An amendment to a will is called a codicil. Codicils are the primary way to amend a will in Ohio and are meant to amend, alter, or confirm a previously existing will. A codicil doesn’t override a will but becomes a new part of the document. Codicils must be executed with the same formalities as a will. That is, it must be in writing, signed by the person drafting it, and witnessed by two disinterested parties who either saw the person sign or heard them acknowledge their signature. Further, the testator, the person making the will or in this instance the codicil, must possess sufficient legal capacity. That is, be 18 years of age, of sound mind and memory, and not under undue threat or influence.

Codicils are largely holdovers from the past before the existence of Microsoft Word and typewriters. Back then, wills were long, handwritten, and required multiple parties to be physically present during execution. As such, a simple amendment, rather than total rewriting, saved time and expense. Nowadays, though, since wills can be quickly amended and printed, drafting a new will is preferable.

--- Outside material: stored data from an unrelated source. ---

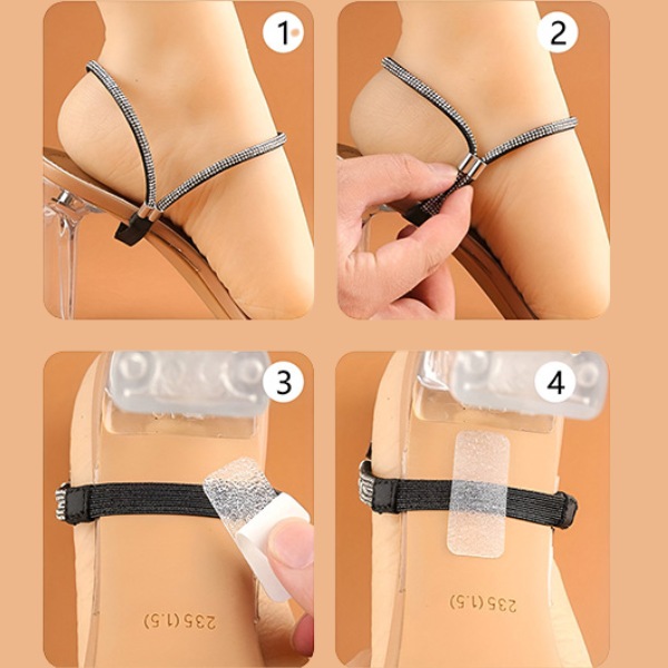 Ben je het zat om je hoge hakken steeds opnieuw te moeten verstellen? Onze verstelbare bandjes houden je schoenen stevig op hun plek, voorkomen uitglijden en zorgen voor een veilige pasvorm.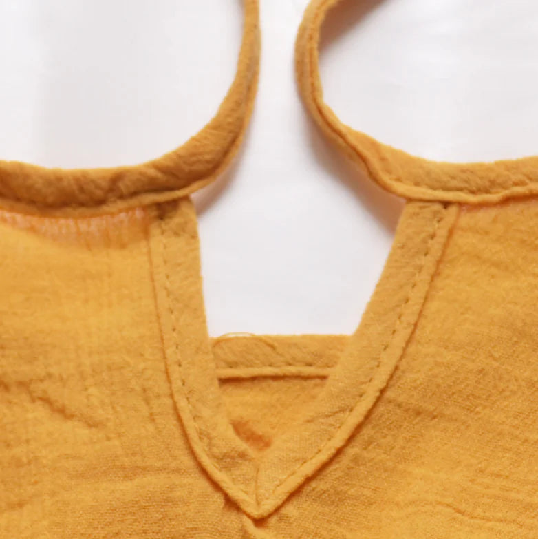 Fit & Comfort The premium cotton construction provides exceptional comfort with its soft, breathable texture that feels wonderful against your skin throughout long days. The wrapped chest design not only creates beautiful visual appeal but also ensures a flattering fit that adapts to your body's natural curves. The U-neck collar is carefully proportioned to be elegant and appropriate for various settings, while the butterfly sleeves provide comfortable coverage without restriction. The slim fit silhouette enhances your shape while allowing natural movement and comfort. The delicate ruffled details are expertly constructed to maintain their beautiful appearance while remaining comfortable against your skin. Available in sizes S through XL, each carefully graded to provide the most flattering fit possible.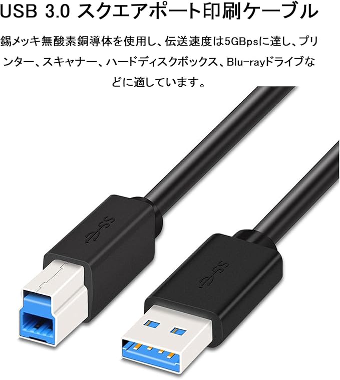 USB 3.0 ケーブル プリンターケーブル 1.8m タイプAオス タイプBオス 5Gbps 高速転送 動作安定 スキャナー/サーバー/外付けHDD/外付けSDD/プリンターなど対応 ブラック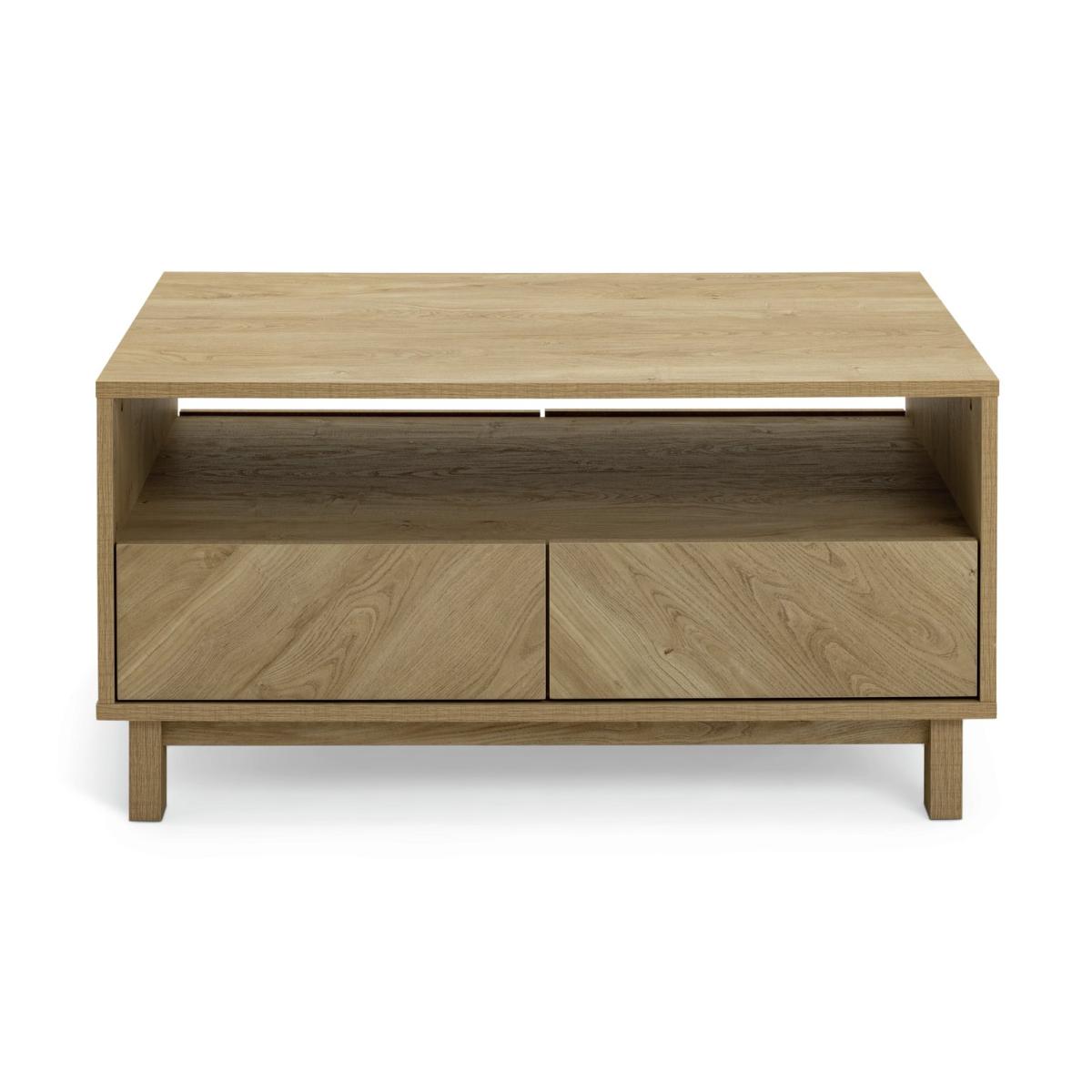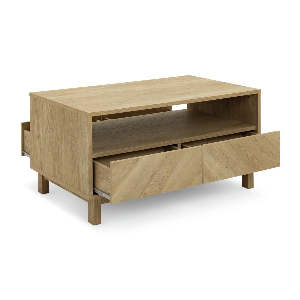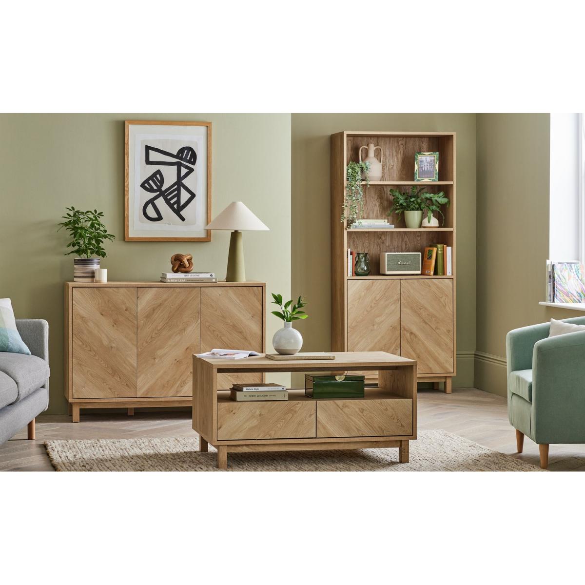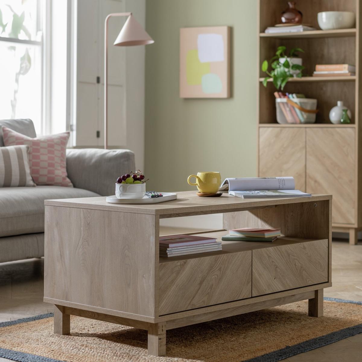 Show off the chevron. Here's a Skandi style oak effect coffee table to draw the compliments. Upscale smart but modern and minimal. There's a big open space that's ideal for keeping books or mags handy. Plus, the 4 smooth fronted drawers push open to reveal handy stash away space. No wonder we're such fans of Fynn. Part of the Fynn collection. Size H 50, W 100, D 59.6cm. Made from MDF with a wood effect finish. 4 drawers with metal runners. 1 undershelf. Weight 40.8kg. Self-assembly - 2 people recommended. Maximum load weight 18kg. Package Dimensions: Package 1 dimensions: H11.7, W110.9, D64.8cm. Package 1 weight: 42.9kg. General information: We are excited to be welcoming some of our favourite HOME products into the Habitat range. Your product may arrive in Habitat or HOME packaging. Manufacturer's 1 year guarantee.

Codicils do possess some persisting utility. In a medical crisis or where a person is on an extreme fixed income, use of a codicil may be viable. Codicils, however, are potentially problematic. Codicils can be executed improperly, establish an ademption, i.e. bequeathing property no longer owned or in existence, mistakenly revoke otherwise valid will provisions, or create ambiguity during probate. Further, any codicils must accompany the associated will. So, the misplacement or destruction of a valid codicil is a major concern when probating a will. Drafting a new will avoids these problems. Contact a Cleveland estate planning attorney to see what option is preferable for your particular circumstances. At minimum, an attorney can guarantee your family can actually find a will, and all the accompanying codicils, when the time comes.

Revocation

The other method of changing a will in Ohio is revocation, and subsequent redrafting. A will is revoked primarily the following ways:

1) a testator, with the intent to revoke, tearing, canceling, obliterating, or destroying a will.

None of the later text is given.